Build vs. Buy: When a Custom PIM Pays Off

SaaS licenses are rising while AI-assisted development lowers the cost of building — the build-vs-buy calculus for PIM has shifted. The four signals for custom, the hidden SaaS costs, and an honest assessment of the TCO calculations.
3 min readMatthias RadscheitMatthias Radscheit
Happycodingen-US

TL;DR

The build-vs-buy calculus for PIM is shifting toward build: SaaS license costs are rising while AI-assisted development lowers the cost of building. Custom pays off given four signals: non-standard data models, deep ERP integration, supplier-specific validation, AI readiness. Industry TCO calculations (vendor source!) see the mid-market almost even and enterprise favoring custom — more important than the figures are the hidden SaaS costs: connector fees, the configuration ceiling, lock-in.

  • Four signals for custom: non-standard data models, deep ERP/OMS integration, supplier-specific validation, AI readiness as a requirement.
  • Hidden SaaS costs are the core argument: connector fees per integration, "configurable does not mean unlimited", upgrade regression testing.
  • Industry TCO over 3 years (source: custom provider Evinent, to be weighed accordingly): mid-market ~EUR 344k SaaS vs. ~EUR 370k custom; enterprise tips in favor of custom.
  • AI-assisted development shortens custom MVPs significantly — the industry cites 14–16 weeks to go-live.
  • A custom PIM does not mean a monolith: Postgres + typed attribute model + LLM pipelines + syndication API is the lean reference architecture.

For years, the simple rule for PIM was: buy, don't build. In 2026, the math is less clear-cut — for two reasons that reinforce each other: license and add-on costs for SaaS systems are rising, and AI-assisted development is lowering the cost of the alternative. Time for an honest reassessment.

The four signals that custom is the right choice

  • Non-standard data models: bundles, configurable variants, and complex relationships that standard attribute models can only represent through contortions.
  • Deep ERP/OMS integration: shared business logic instead of mere data sync — framework agreements, tiered pricing, availability in product context.
  • Supplier-specific validation: different upload formats, approval workflows, and field rules per supplier.
  • AI readiness as a requirement: structured, traceable data for automation, semantic search, and shopping agents — built into the data model from the start rather than retrofitted.

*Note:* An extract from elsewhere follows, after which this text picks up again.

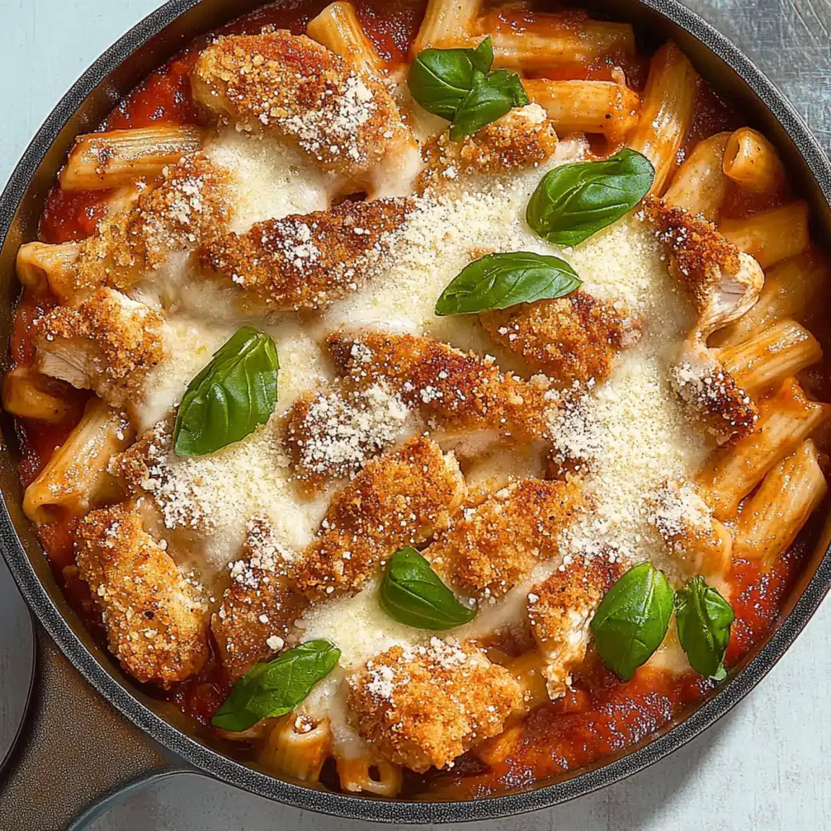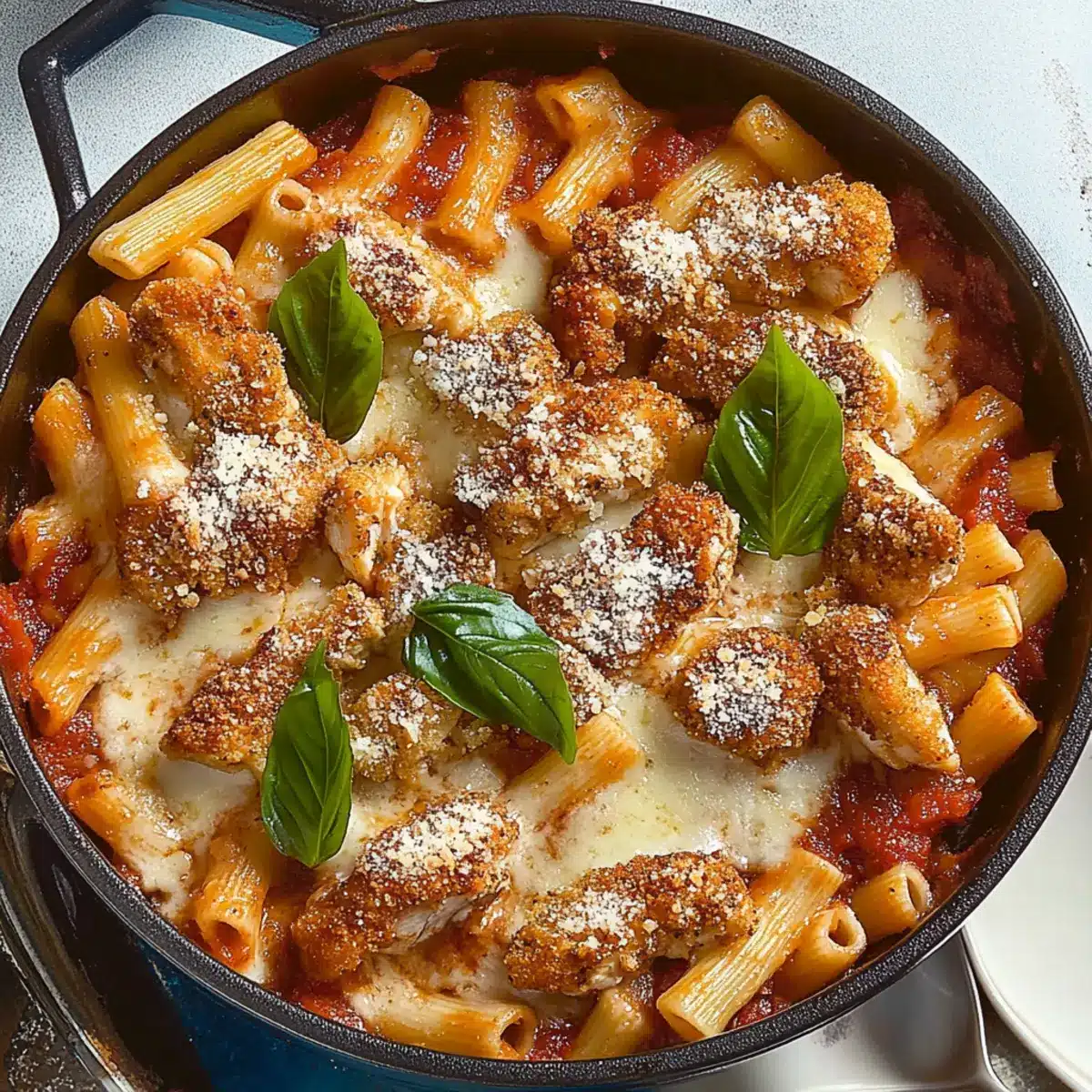 Absolutely! For Chicken Parm Pasta, I often suggest using cavatappi because its spiral shape holds the sauce beautifully. However, you can easily swap it with penne or fusilli if you prefer a different texture. Just ensure your pasta is short to blend perfectly with the chicken and sauce.

If none of these signals apply, a standard system is usually the better path — then the question becomes SaaS versus open source, not buy versus build.

The hidden costs of the buy decision

The list price of a SaaS PIM is the smallest part of the truth. In practice, the costs add up: connector fees of several thousand euros per integration, the "configuration ceiling" (configurable does not mean unlimited — custom logic ends up back in Excel after all), regression tests with every platform upgrade, and the switching costs of lock-in, which weaken every future negotiation. An industry TCO calculation over three years puts the mid-market (20,000 SKUs) at roughly EUR 344,000 for SaaS versus EUR 370,000 for custom — almost even — while in the enterprise segment (100,000+ SKUs) it tips in favor of custom. Important context: these figures come from Evinent, a custom development provider — valuable as a line of argument, but to be cited with caution as a neutral market figure. The mechanism behind them, however, is plausible regardless of the source: license costs scale with SKUs and users, development costs do not.

What "building it yourself" means in 2026

The specter of the years-long self-built monolith is outdated. The reference architecture of a modern custom PIM is deliberately lean: PostgreSQL with a typed attribute model at the core, LLM pipelines for extraction, enrichment, and validation, a syndication layer for shop, marketplaces, and feeds — API-first and composable, so that search, DAM, or channels remain interchangeable. With AI-assisted development, the industry cites 14–16 weeks to MVP go-live; our project classes for web applications (EUR 20,000–60,000) provide the realistic cost range for getting started.

The decision framework

SaaS, if your catalog is standard, time-to-market matters, and product data is not a competitive differentiator. Open source plus an AI layer, if cost control and data sovereignty matter but the data model remains standard. Custom, if your catalog logic is a competitive advantage — or if a lightweight PIM is enough and any enterprise license would be overkill. This three-way split is not sales rhetoric but our consulting framework: we earn no more on any one of the three paths than on the others.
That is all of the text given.